Personal information
- Full name: Raymond Kingshott
- Born: 13 January 1957 (age 69) Merriwa, New South Wales, Australia
- Batting: Left-handed
- Bowling: Slow left-arm orthodox

Domestic team information
- 1993–1994: Hertfordshire
- 1987–1992: Norfolk

Career statistics
| Competition | List A |
| Matches | 3 |
| Runs scored | 18 |
| Batting average | 18.00 |
| 100s/50s | 0/0 |
| Top score | 9 |
| Balls bowled | 180 |
| Wickets | 1 |
| Bowling average | 99.00 |
| 5 wickets in innings | 0 |
| 10 wickets in match | – |
| Best bowling | 1/29 |
| Catches/stumpings | 2/– |
- Source: Cricinfo, 29 June 2011

= Raymond Kingshott =

Australian-born English cricketer

Raymond Kingshott (born 13 January 1957) is an Australian born former English cricketer. Kingshott was a left-handed batsman who bowled slow left-arm orthodox. He was born in Merriwa, Australia.

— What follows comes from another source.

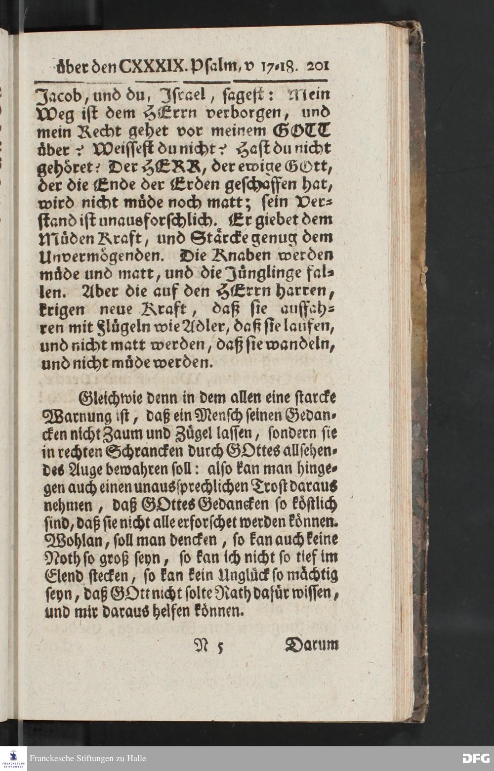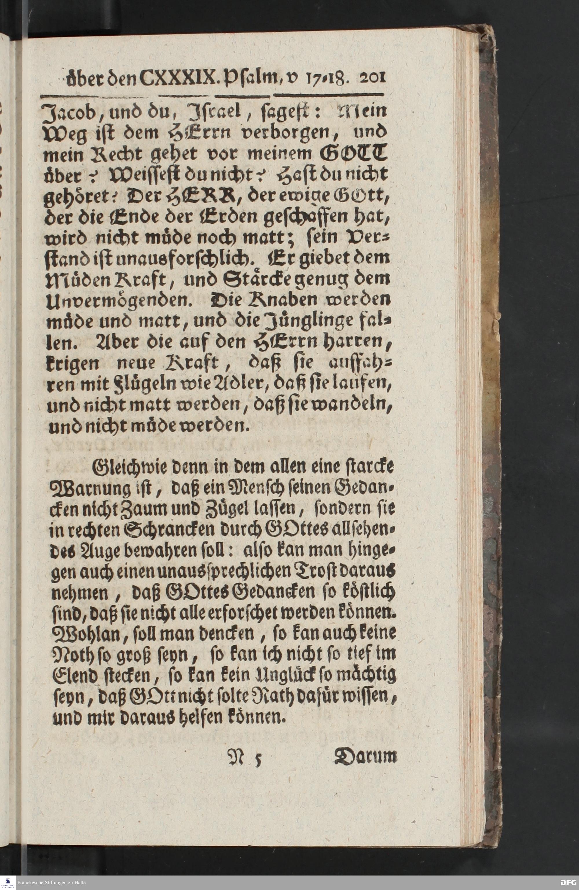 August Hermann Franckens, Weyl.Prof.Theol.Past.Ulr.und Schol. Erklärung Des hundert und neun und dreyßigsten Psalms / Auf Verlangen besonders herausgegeben Von Gotthilf August Francken, S.Theol.Prof.Ord.der ersten Dioeces des Saal=Creyses Insp.u.Pred.zur L.Fr. Andere Auflage. HALLE, In Verlegung des Wäysenhauses, 1739.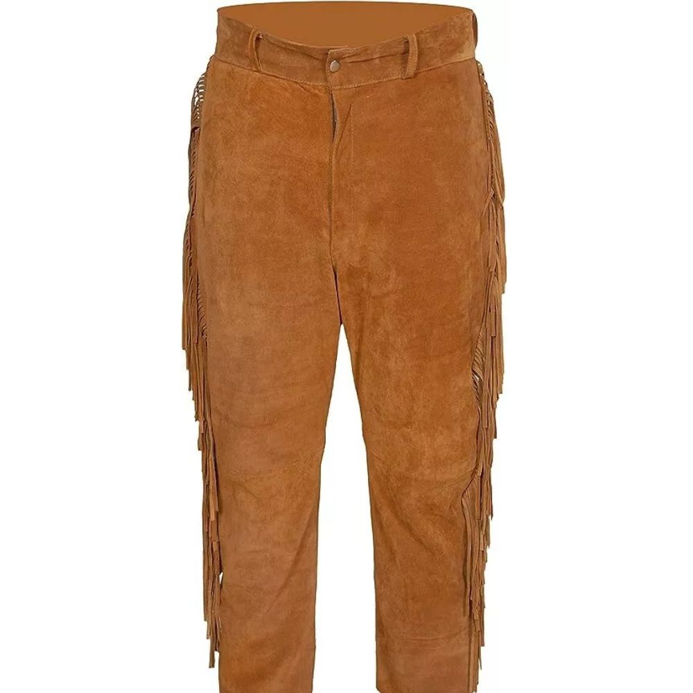 Men's Brown Western American Suede Leather Pant with Fringe Work

Kingshott made his debut for Norfolk in the 1987 MCCA Knockout Trophy against Suffolk. Kingshott played Minor counties cricket for Norfolk from 1987 to 1992, which included 50 Minor Counties Championship matches and 11 MCCA Knockout Trophy matches. He made his List A debut against Yorkshire in the 1990 NatWest Trophy. He made 2 further List A appearances, against Gloucestershire in the 1991 NatWest Trophy and Leicestershire in the 1992 NatWest Trophy. In his 3 List A matches, he scored 18 runs and took a single for the cost of 99 runs!

Leaving Norfolk at the end of the 1992 season, Kingshott joined Hertfordshire, where he played Minor counties cricket in 1993 and 1994 season.